Positional embedding should just be explained after explaining the Query, Key and Value vectors. When the article explains those only after that, the reader is building up on a wrong intuition and it gets confusing.
I've noticed the same thing is possible if you watch the output of a slow LLM. Eventually you start to see the machinery. input tokens = output tokens, it's math. I can't exactly predict the tokens generated but I can see how they are formed. It's a lot like chess. You can't see every possible move but the mechanism is understandable.
But apparently, they either just emit a [UNK] token or translate the unrecognized character into raw UTF-8 bytes.
I'm a developer but not very good at maths and I still don't understand any of it.

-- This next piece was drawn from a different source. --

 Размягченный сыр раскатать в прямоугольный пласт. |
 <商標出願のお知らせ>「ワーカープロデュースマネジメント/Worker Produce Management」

A LLM clearly has some "visual" capacity. You ask Gemini to build something with Canvas and it's able to reason about the shape of things. Like recently I waanted a checkbox that has like a gradient flowing around the edge. It figured out it could use a radial gradient from the center of the checkbox, and overlay that with a small inner div so you only see the edge that looks like the gradient is circling around the checkbox.

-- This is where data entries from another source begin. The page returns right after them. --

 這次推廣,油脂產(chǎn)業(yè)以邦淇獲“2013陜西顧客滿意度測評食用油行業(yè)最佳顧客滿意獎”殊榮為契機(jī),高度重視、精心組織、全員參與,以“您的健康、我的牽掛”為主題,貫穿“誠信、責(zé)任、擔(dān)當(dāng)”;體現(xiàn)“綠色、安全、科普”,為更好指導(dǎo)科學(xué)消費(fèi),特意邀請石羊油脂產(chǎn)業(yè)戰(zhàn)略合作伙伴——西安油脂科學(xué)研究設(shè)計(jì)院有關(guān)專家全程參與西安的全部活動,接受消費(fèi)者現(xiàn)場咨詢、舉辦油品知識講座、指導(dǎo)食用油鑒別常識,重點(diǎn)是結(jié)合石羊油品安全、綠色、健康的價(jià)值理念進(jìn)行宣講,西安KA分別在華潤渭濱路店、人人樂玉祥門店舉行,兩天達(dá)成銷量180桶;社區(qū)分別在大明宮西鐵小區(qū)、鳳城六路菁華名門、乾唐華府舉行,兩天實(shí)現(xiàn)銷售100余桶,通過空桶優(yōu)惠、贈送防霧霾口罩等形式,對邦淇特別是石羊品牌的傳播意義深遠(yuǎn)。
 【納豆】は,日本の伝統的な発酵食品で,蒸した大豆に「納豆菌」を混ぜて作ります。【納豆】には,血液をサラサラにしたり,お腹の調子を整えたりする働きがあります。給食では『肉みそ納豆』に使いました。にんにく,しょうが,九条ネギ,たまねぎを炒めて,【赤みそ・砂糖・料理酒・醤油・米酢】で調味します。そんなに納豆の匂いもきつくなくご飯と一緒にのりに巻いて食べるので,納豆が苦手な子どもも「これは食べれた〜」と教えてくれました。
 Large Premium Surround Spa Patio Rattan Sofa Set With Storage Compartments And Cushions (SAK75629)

How is that "predicting the next word"?
Not saying AI is intelligent or conscious or anything like that, but the algorithm clearly is far more complex than "predicting words".
What I mean, is the LLM is able to represent things in space . That part I don't understand.
I also still dont understand the relationship between the chat based LLM and the multi modal stuff. I think I read somewhere when image is generated it is also tokens?
But how does it learn this token-relationship?
All it has is many text samples, but still, nowhere it says how the tokens relate to each other, so where does this information come from?
it goes all over the place.
i'm not actually sure who your target audience is.
there's too many side tangents.
just like, structure it plz.
1. customer feels bad cuz they don't understand how llms work
2. provide high level abstracted explanation (don't dive into concepts yet)
3. provide breakdown guide of overall set of components.
4. walk through each component. don't side track. no need to explain, ROPE,GQA etc... it just distracts.
i.e. customers don't know how llms work, leading them to feel bad about their own intelligence.
at a high level llms take in words, do some math on them, and then produce words, one by one.
inside llms have these different components. we walk through them step by step.
1. tokenizer
2. embedding
3. attention
4. heads
5. ffn
6. sampling
## tokenizer
Good article, but when sharing it I will have to preface "yes it's slop, but it's a good explanation".
Absolutely embarrassing that the author didn't catch that these LLM-isms are a (and here I'll use one) bad signal.
In fact, I would go so far as to say that publishing in this style stems from a lack of reading experience and writing experience, which does not bode well for someone pretending to be an expert. I gave this article to someone highly intelligent who doesn't know the first thing about how LLMs work internally, and she immediately called out that it reads like AI text.